Problem details:
Each record needs to be transcribed word for word, though without its pictures.

Exercise data:
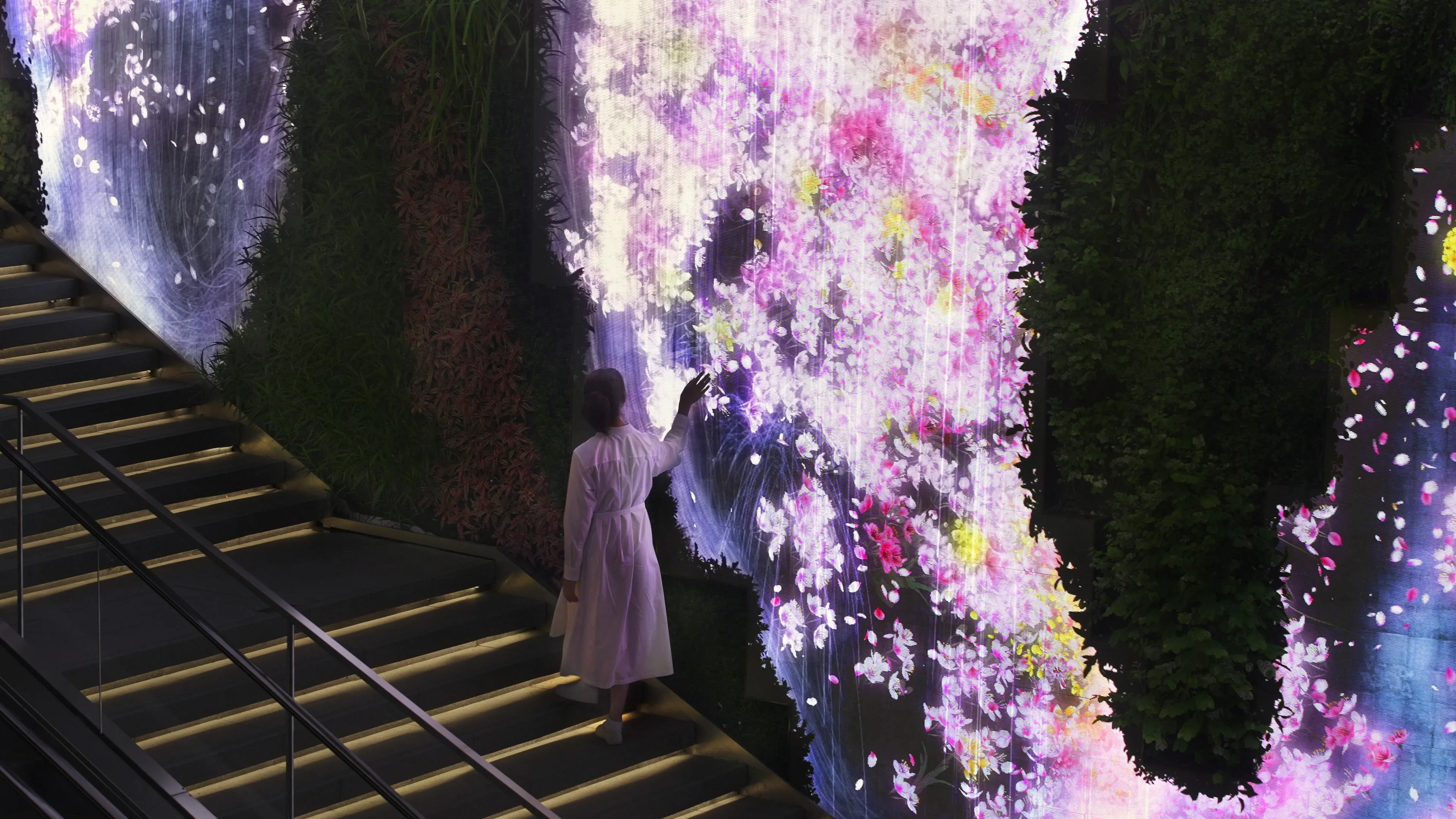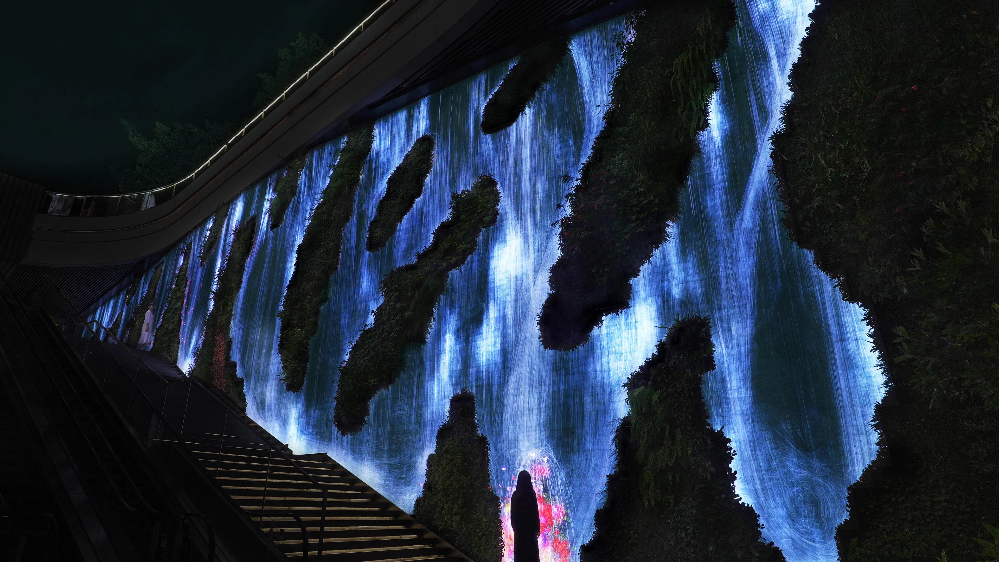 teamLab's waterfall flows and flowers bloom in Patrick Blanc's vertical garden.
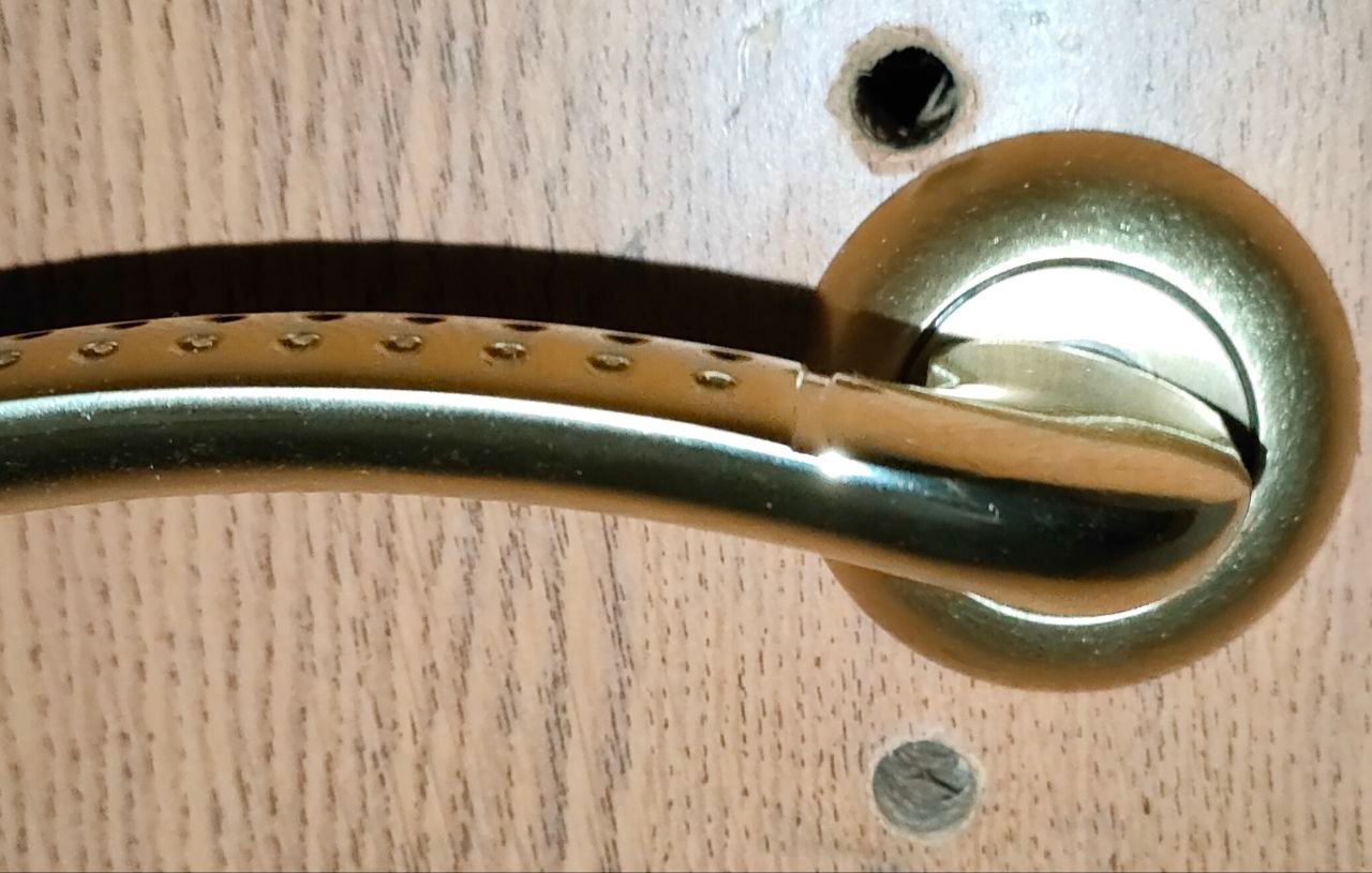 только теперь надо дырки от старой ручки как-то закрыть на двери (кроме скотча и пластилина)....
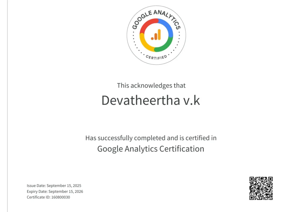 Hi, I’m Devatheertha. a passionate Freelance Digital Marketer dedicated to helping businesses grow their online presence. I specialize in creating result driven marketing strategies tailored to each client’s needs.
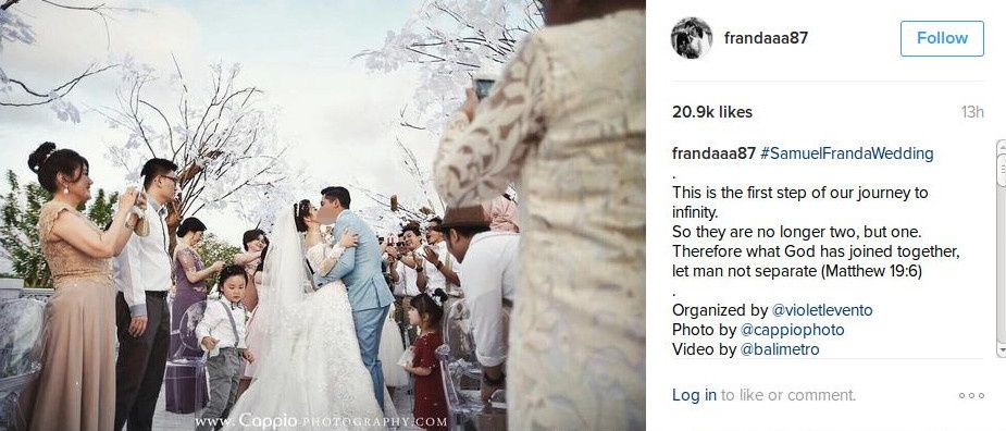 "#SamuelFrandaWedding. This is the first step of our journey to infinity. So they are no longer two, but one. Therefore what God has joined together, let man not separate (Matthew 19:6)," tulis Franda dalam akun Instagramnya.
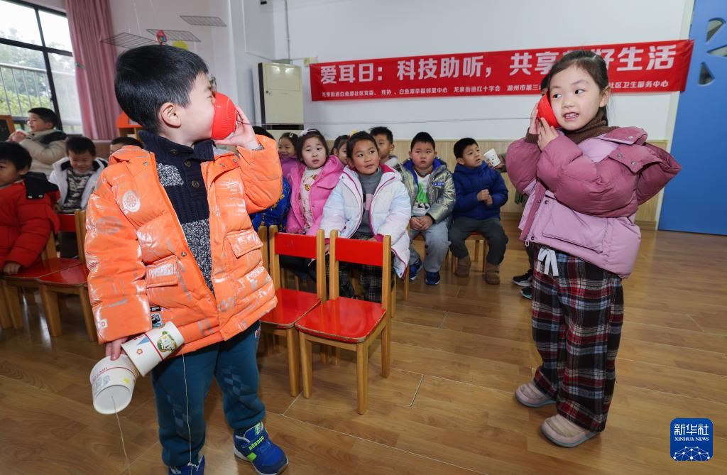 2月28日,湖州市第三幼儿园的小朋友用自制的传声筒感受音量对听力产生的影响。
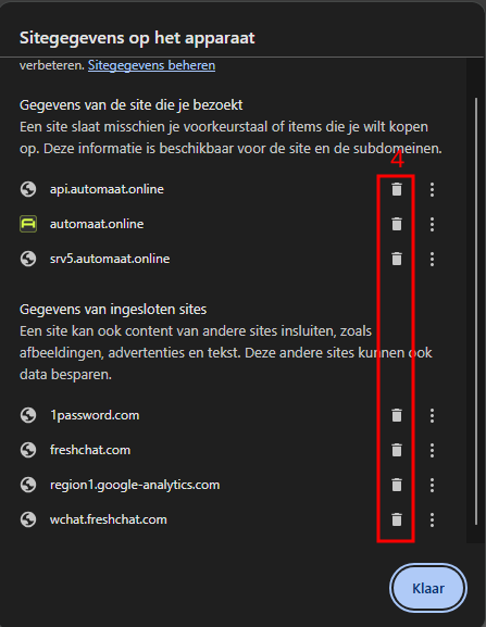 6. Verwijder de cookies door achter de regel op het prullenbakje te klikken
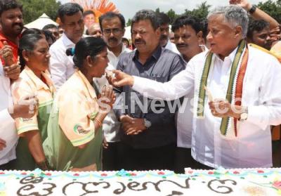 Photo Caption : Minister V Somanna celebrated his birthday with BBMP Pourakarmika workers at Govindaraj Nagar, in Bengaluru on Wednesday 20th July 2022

Exercise solution:
 teamLab's waterfall flows and flowers bloom in Patrick Blanc's vertical garden.
 только теперь надо дырки от старой ручки как-то закрыть на двери (кроме скотча и пластилина)....
 Hi, I’m Devatheertha. a passionate Freelance Digital Marketer dedicated to helping businesses grow their online presence. I specialize in creating result driven marketing strategies tailored to each client’s needs.
 "#SamuelFrandaWedding. This is the first step of our journey to infinity. So they are no longer two, but one. Therefore what God has joined together, let man not separate (Matthew 19:6)," tulis Franda dalam akun Instagramnya.
 2月28日,湖州市第三幼儿园的小朋友用自制的传声筒感受音量对听力产生的影响。
 6. Verwijder de cookies door achter de regel op het prullenbakje te klikken
 Photo Caption : Minister V Somanna celebrated his birthday with BBMP Pourakarmika workers at Govindaraj Nagar, in Bengaluru on Wednesday 20th July 2022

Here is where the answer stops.